### Assigned task
Write the listing out again word for word, skipping each picture.

### Data block

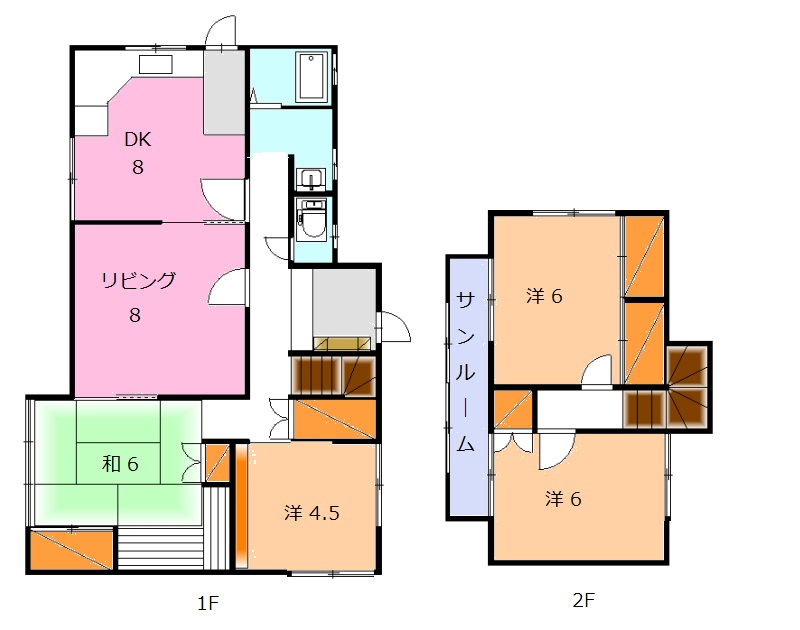 | 間取内訳 | 1F DK8、洋8、和6、洋4.5 2F 洋6、洋6 | ||
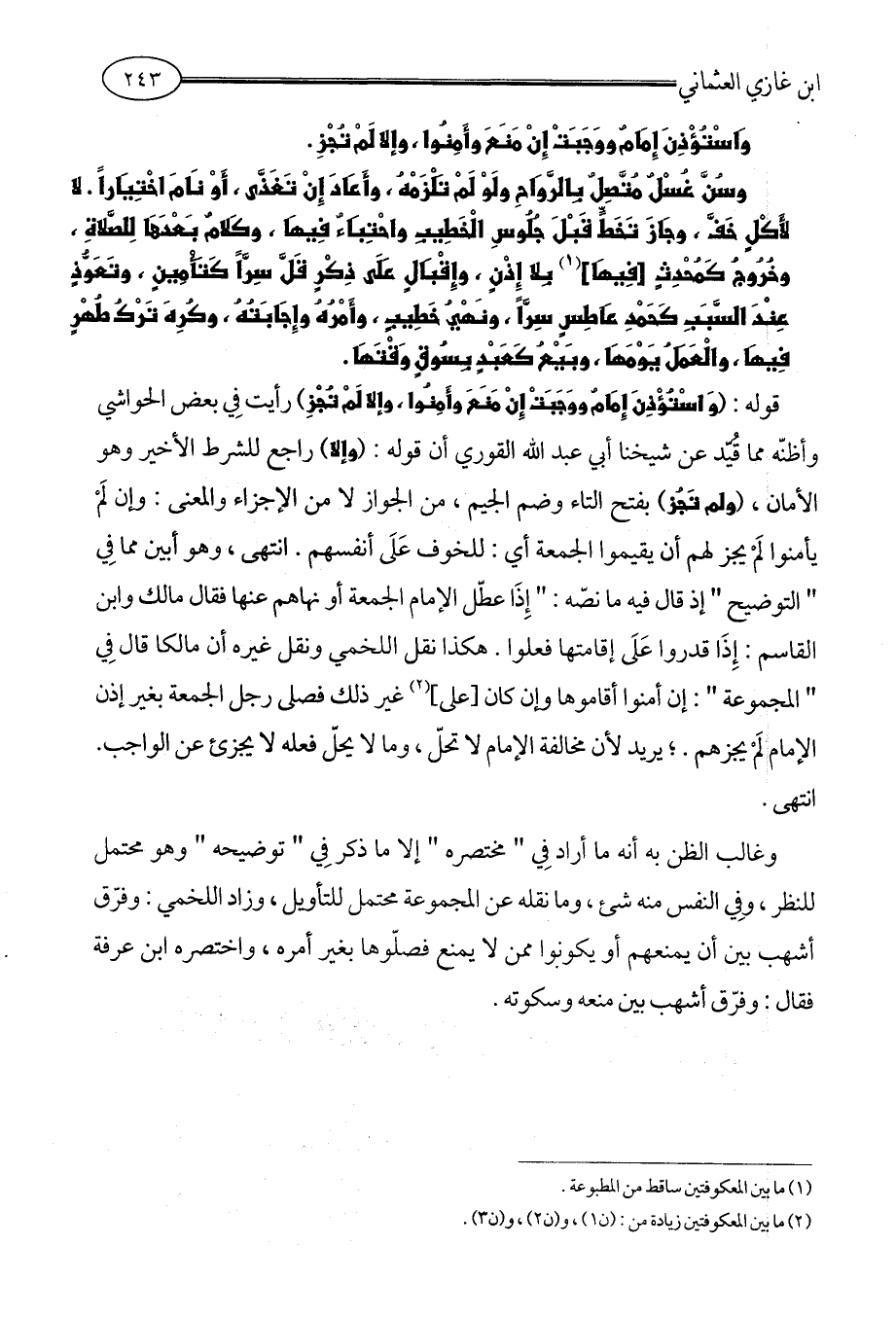 قوله: (وَاسْتُؤْذِنَ إِمَامٌ ووَجَبَتْ إِنْ مَنَعَ وأَمِنُوا، وإلا لَمْ تُجْزِ) رأيت فِي بعض الحواشي وأظنّه مما قُيّد عن شيخنا أبي عبد الله القوري أن قوله: (وإلا) راجع للشرط الأخير وهو الأمان، (ولم تَجُز) بفتح التاء وضم الجيم، من الجواز لا من الإجزاء والمعنى: وإن لَمْ يأمنوا لَمْ يجز لهم أن يقيموا الجمعة أي: للخوف عَلَى أنفسهم. انتهى، وهو أبين مما فِي " التوضيح " إذ قال فيه ما نصّه: " إِذَا عطّل الإمام الجمعة أو نهاهم عنها فقال مالك وابن القاسم: إِذَا قدروا عَلَى إقامتها فعلوا. هكذا نقل اللخمي ونقل غيره أن مالكا قال فِي " المجموعة ": إن أمنوا أقاموها وإن كان [على] (¬2) غير ذلك فصلى رجل الجمعة بغير إذن الإمام لَمْ يجزهم.؛ يريد لأن مخالفة الإمام لا تحلّ، وما لا يحلّ فعله لا يجزئ عن الواجب. انتهى.
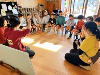 現在は、話の内容を決めたり役決めをしたり、少しずつ動いて表現しながら皆でイメー
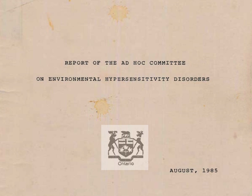 MCS/ES is not new. Over 30 years ago, the Province of Ontario created the “Committee on Environmental Hypersensitivity” and appointed George Thomson, a former provincial court judge, as chairman, with a mandate to study and “advise the Ministry of Health on the occurrence of environmental hypersensitivity in Ontario and on current methods of diagnosis and treatment. Further, the committee was to make recommendations to the ministry concerning future approaches to treatment and research that should be taken”

### Output of the task
 | 間取内訳 | 1F DK8、洋8、和6、洋4.5 2F 洋6、洋6 | ||
 قوله: (وَاسْتُؤْذِنَ إِمَامٌ ووَجَبَتْ إِنْ مَنَعَ وأَمِنُوا، وإلا لَمْ تُجْزِ) رأيت فِي بعض الحواشي وأظنّه مما قُيّد عن شيخنا أبي عبد الله القوري أن قوله: (وإلا) راجع للشرط الأخير وهو الأمان، (ولم تَجُز) بفتح التاء وضم الجيم، من الجواز لا من الإجزاء والمعنى: وإن لَمْ يأمنوا لَمْ يجز لهم أن يقيموا الجمعة أي: للخوف عَلَى أنفسهم. انتهى، وهو أبين مما فِي " التوضيح " إذ قال فيه ما نصّه: " إِذَا عطّل الإمام الجمعة أو نهاهم عنها فقال مالك وابن القاسم: إِذَا قدروا عَلَى إقامتها فعلوا. هكذا نقل اللخمي ونقل غيره أن مالكا قال فِي " المجموعة ": إن أمنوا أقاموها وإن كان [على] (¬2) غير ذلك فصلى رجل الجمعة بغير إذن الإمام لَمْ يجزهم.؛ يريد لأن مخالفة الإمام لا تحلّ، وما لا يحلّ فعله لا يجزئ عن الواجب. انتهى.
 現在は、話の内容を決めたり役決めをしたり、少しずつ動いて表現しながら皆でイメー
 MCS/ES is not new. Over 30 years ago, the Province of Ontario created the “Committee on Environmental Hypersensitivity” and appointed George Thomson, a former provincial court judge, as chairman, with a mandate to study and “advise the Ministry of Health on the occurrence of environmental hypersensitivity in Ontario and on current methods of diagnosis and treatment. Further, the committee was to make recommendations to the ministry concerning future approaches to treatment and research that should be taken”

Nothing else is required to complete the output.